Mais c'est dans l'organisation des tournages que Ahmed Attia se montre le plus efficace. Il est assistant réalisateur sur des films français, italiens, des fictions comme Mokhtar de Sadok Ben Aicha (1968), Justine de George Cukor (1969), Une si simple histoire de Abdellatif Ben Amar (1969). Le secteur de la production attire durablement le cinéphile. Il se base à Tunis à partir de 1973, travaille à la tête des services audiovisuels de l'Office National de la Télévision Tunisienne, de 1974 à 1978, avant de s'impliquer plus profondément dans le 7 ème art. Il devient directeur de production pour des tournages anglais (La vie de Brian, 1978), français (Rodriguez, 1978), italiens (Le larron, 1979).

Le producteur rodé met alors son expérience au service du cinéma tunisien. En 1983, Ahmed Attia fonde Cinétéléfilms et s'engage dans la mise en œuvre d'un cinéma d'auteur, sensible à explorer l'intime, les souvenirs personnels pour toucher les questions identitaires des Tunisiens. Cette démarche fonde les premiers films de Nouri Bouzid, L'homme de cendres (1986), Les sabots en or (1989), Bezness (1992, en contribuant à réconcilier les spectateurs tunisiens avec leur cinéma. Le succès international est au rendez-vous avec Halfaouine de Férid Boughedir (1990), tandis que Ahmed Attia encourage de nouveaux talents tel Moncef Dhouib avec Le sultan de la Medina (1993). A cette époque, le producteur est en plein élan. Il permet à Moufida Tlatli de débuter avec Les silences du palais (1994), Caméra d'Or au Festival de Cannes.

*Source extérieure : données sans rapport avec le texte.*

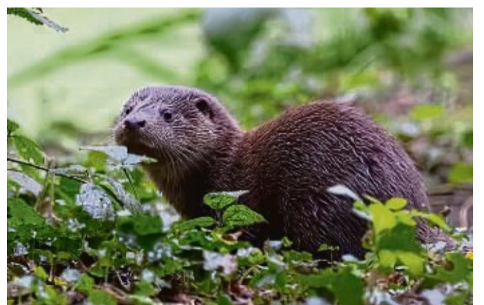
Der Fischotter ist neu in das Gehege eingezogen, soll aber nicht lange alleine bleiben.
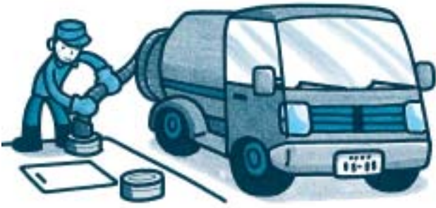
合併処理浄化槽の補助金

市では、合併処理浄化槽の維持管理(保守点検・清掃)に年間要した費用の2分の1相当額(左表)
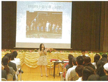
陳瑞祺小學小一迎新日
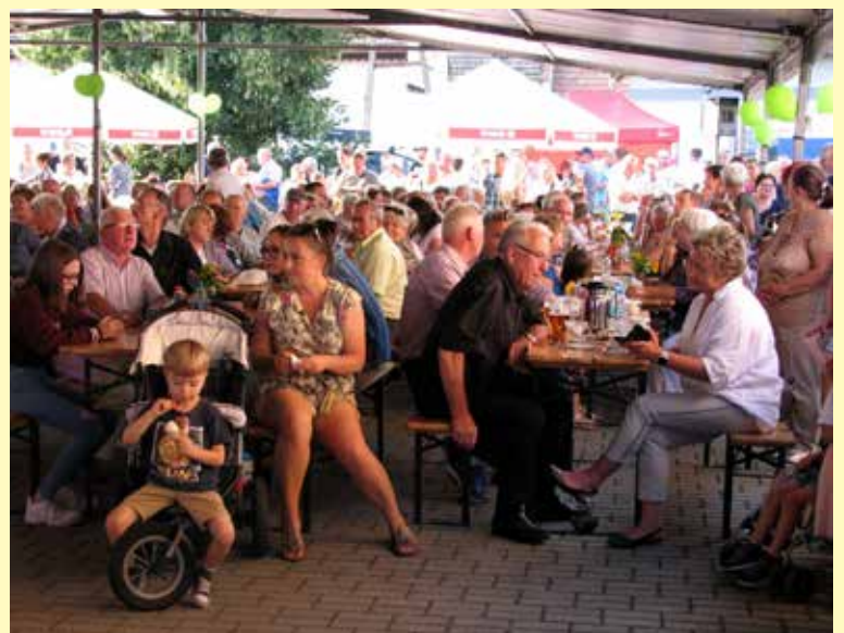
Widownia - pod namiotem.

Le producteur en vue représente la Tunisie sans négliger de produire les courts métrages de Selma Baccar, Nadia El Fani, Mounir Baaziz…
L'ambition de Ahmed Attia déborde le cinéma local pour soutenir des auteurs du monde arabe. En 1992, il réunit ses compatriotes Nouri Bouzid et Nejia Ben Mabrouk, le Marocain Mustapha Derkaoui, le Libanais Borhane Alaouie, le Palestinien Elia Soleiman pour un film à sketchs sur les conséquences des conflits, La Guerre du Golfe… et après ? Le producteur élargit sa zone d'action tout en restant fidèle à ses racines. Il oriente les films en fonction de ses intuitions, de ses parti pris. Le dialogue avec les réalisateurs est souvent passionnel, parfois conflictuel mais toujours fructueux. En 1996, il appuie le tournage de Po di sangui de Flora Gomes, venu de Guinée Bissau, puis accompagne les projets du Syrien Mohamed Malass.

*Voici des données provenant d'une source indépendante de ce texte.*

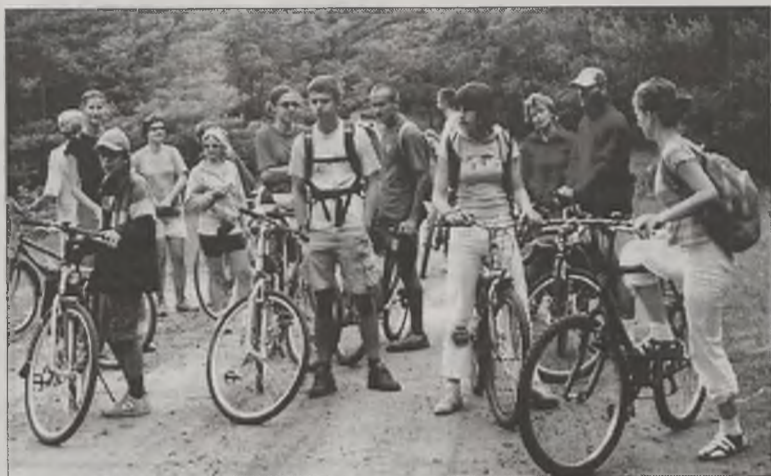
Jednym z punktów rajdu był powrót malowniczymi ścieżkami rowerowymi.

Na trasie do Zbierska tradycyjnie już uczestnicy odpoczywali w Piętnie, gdzie zorganizowano wspólne ognisko. Zwyczaj dodatkową atrakcją postoju były przejazdy starą drezyną. W tym roku jednak atrakcji tej nie było, bo drezynę skradziono. Była za to gry i zabawy dla

La stature reconnue de Ahmed Attia en fait une figure incontournable du cinéma en Tunisie. Il assure la présidence des Journées Cinématographiques de Carthage en 1992, 1994, et innove en tentant de doter le vénérable festival d'un marché du film. Les avancées du professionnel forcent le respect, irritent certains, sans étancher sa soif de cinéma. Lorsque les conditions de production évoluent autour des années 2000, il s'implique dans la diffusion et devient l'un des représentants des initiatives de la structure Europa Cinéma au Maghreb.
Ses bureaux de Tunis jouxtent sa salle de cinéma. C'est de là qu'il organise de fameux repas d'affaires et lance de nouveaux projets comme une série de films d'animation sur l'histoire fabuleuse de Carthage. La maladie freine ses élans sans altérer l'ambition de Ahmed Attia. Il disparaît en laissant plusieurs travaux en chantier. Mais sa présence demeure dans l'élan dynamique qu'il a su donner aux fondements du cinéma tunisien de ces dernières années. Ses discussions résonnent encore dans les rues de Tunis.